Unavailable class: install DnaFeaturesViewer.

Try: pip install dna_features_viewer

crazydoc.write_crazydoc(seqs, qualifier, path, formats=[[WD_COLOR_INDEX.GREEN, WD_COLOR_INDEX.GRAY_25, WD_COLOR_INDEX.TEAL, WD_COLOR_INDEX.VIOLET, WD_COLOR_INDEX.RED, WD_COLOR_INDEX.GRAY_50, WD_COLOR_INDEX.DARK_YELLOW, WD_COLOR_INDEX.DARK_RED, WD_COLOR_INDEX.DARK_BLUE], [(248, 118, 109), (183, 159, 0), (0, 186, 56), (0, 191, 196), (97, 156, 255), (245, 100, 227)], ['bold'], ['underline'], ['italic']])

Write one or more SeqRecords annotated with features to a new document.

WILL OVERWRITE EXISTING DOCUMENTS WITHOUT WARNING!

Parameters:
  • seqs (list) – List of SeqRecords to write out.

  • qualifier (str) – The key to use for feature names from .qualifiers.

  • path (str) – The path to write the document to. Will overwrite existing documents!

  • formats (list, optional) – List of format groups to use on features.

Examples

A custom list of docx formats can be supplied to the formats argument. If formats is not declared a default palette is used.

>>> from docx.shared import RGBColor
>>> from docx.enum.text import WD_COLOR
>>> custom_formats = [
        [
            WD_COLOR.PINK,
            WD_COLOR.TEAL,
            WD_COLOR.YELLOW,
            WD_COLOR.GRAY_50,
            WD_COLOR.VIOLET,
            WD_COLOR.TURQUOISE,
        ],
        [
            RGBColor(0xFF, 0x00, 0x00),
            RGBColor(0x00, 0xFF, 0x00),
            RGBColor(0x00, 0x00, 0xFF),
        ],
        ["bold"],
        ["underline"],
        ["italic"],
    ]
>>> write_crazydoc(seq, 'product', 'custom_colours.docx', formats=custom_formats)
crazydoc.write_crazyseq(seqrec, qualifier, doc, formats=[[WD_COLOR_INDEX.GREEN, WD_COLOR_INDEX.GRAY_25, WD_COLOR_INDEX.TEAL, WD_COLOR_INDEX.VIOLET, WD_COLOR_INDEX.RED, WD_COLOR_INDEX.GRAY_50, WD_COLOR_INDEX.DARK_YELLOW, WD_COLOR_INDEX.DARK_RED, WD_COLOR_INDEX.DARK_BLUE], [(248, 118, 109), (183, 159, 0), (0, 186, 56), (0, 191, 196), (97, 156, 255), (245, 100, 227)], ['bold'], ['underline'], ['italic']])

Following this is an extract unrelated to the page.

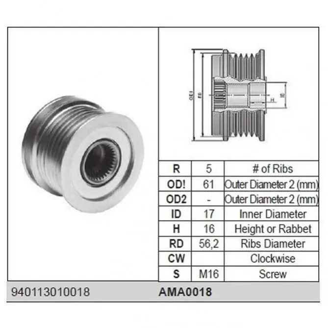 Ремінний шків генератора (17x55)MERCEDES BENZ [940113010018] MAGNETI MARELLI (Магнети Марелли) AMA0018

Write a single sequence with annotated features to an existing document element. If you want crazydoc to handle document creation, use write_crazydoc() even for single sequences.

Parameters:
  • seqrec (SeqRecord) – The sequence to write, with features.

  • qualifier (str) – The key of the .qualifier to use as feature names.

  • doc (docx document) – The docx document element to write to.

  • formats (list, optional) – List of format groups to use on features.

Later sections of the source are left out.